The asymptotics of ranking algorithms

TL;DR

This paper investigates the theoretical challenges of supervised ranking with partial preferences, demonstrating inconsistencies in common surrogate losses, and proposes a new aggregation-based approach with proven asymptotic consistency.

Contribution

It introduces a novel aggregation-based ranking method using U-statistics and provides the first asymptotic analysis showing its consistency in the partial preference setting.

Findings

Common surrogate losses are inconsistent for partial preferences.

The new aggregation method achieves asymptotic consistency.

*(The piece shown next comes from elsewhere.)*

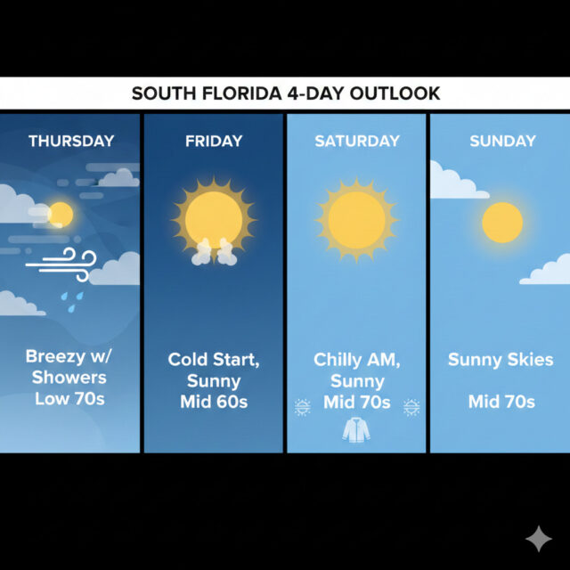 Monday’s forecast calls for chilly morning lows in the low to mid-50s on the mainland, followed by sunny skies across South Florida. Highs on Monday will be in the mid 70s on the mainland and near 70 degrees in the Keys.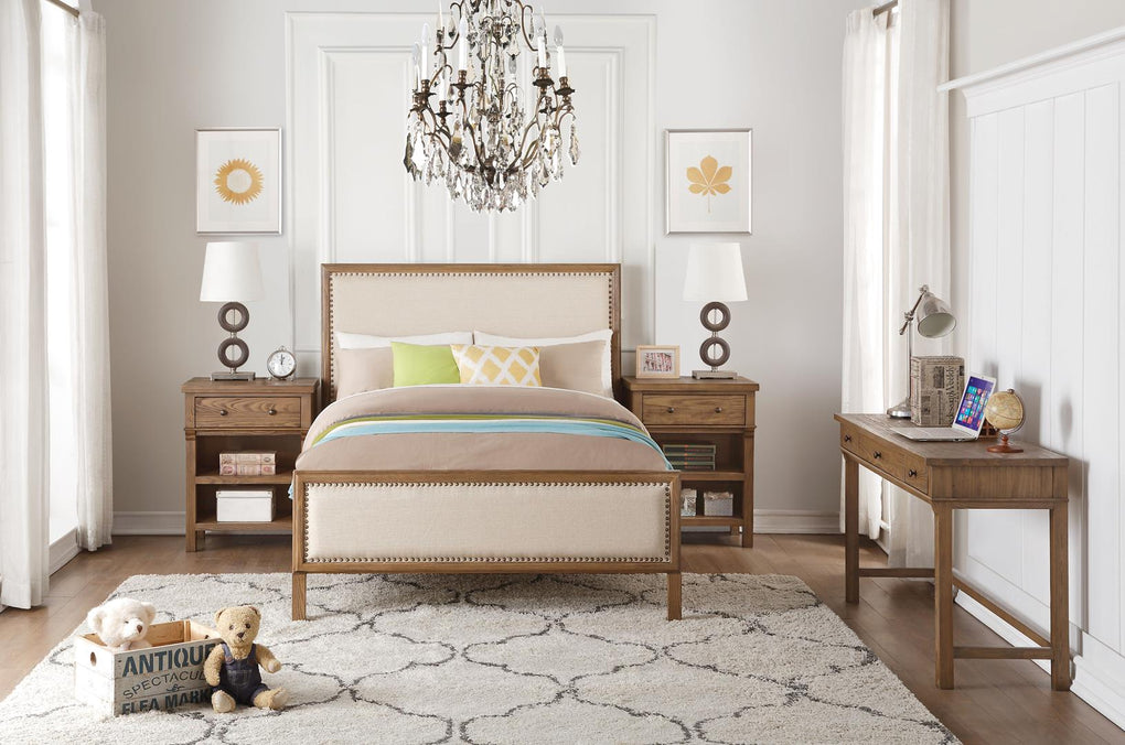 Inverness bedroom set will bring you back to 8th-century French furnishings environment, and crafted in rectangular shape for the whole collection. Upholstered in beige linen headboard and footboard associating with Nailheaded trim, it is a challenge in traditional design to achieve fresh and creative taste. This will be the perfect bedding collection for your little one.

Experimental results support the theoretical advantages of the proposed approach.

Abstract

We consider the predictive problem of supervised ranking, where the task is to rank sets of candidate items returned in response to queries. Although there exist statistical procedures that come with guarantees of consistency in this setting, these procedures require that individuals provide a complete ranking of all items, which is rarely feasible in practice. Instead, individuals routinely provide partial preference information, such as pairwise comparisons of items, and more practical approaches to ranking have aimed at modeling this partial preference data directly. As we show, however, such an approach raises serious theoretical challenges. Indeed, we demonstrate that many commonly used surrogate losses for pairwise comparison data do not yield consistency; surprisingly, we show inconsistency even in low-noise settings. With these negative results as motivation, we present a new approach to supervised ranking based on aggregation of partial preferences, and we develop $U$-statistic-based empirical risk minimization procedures. We present an asymptotic analysis of these new procedures, showing that they yield consistency results that parallel those available for classification. We complement our theoretical results with an experiment studying the new procedures in a large-scale web-ranking task.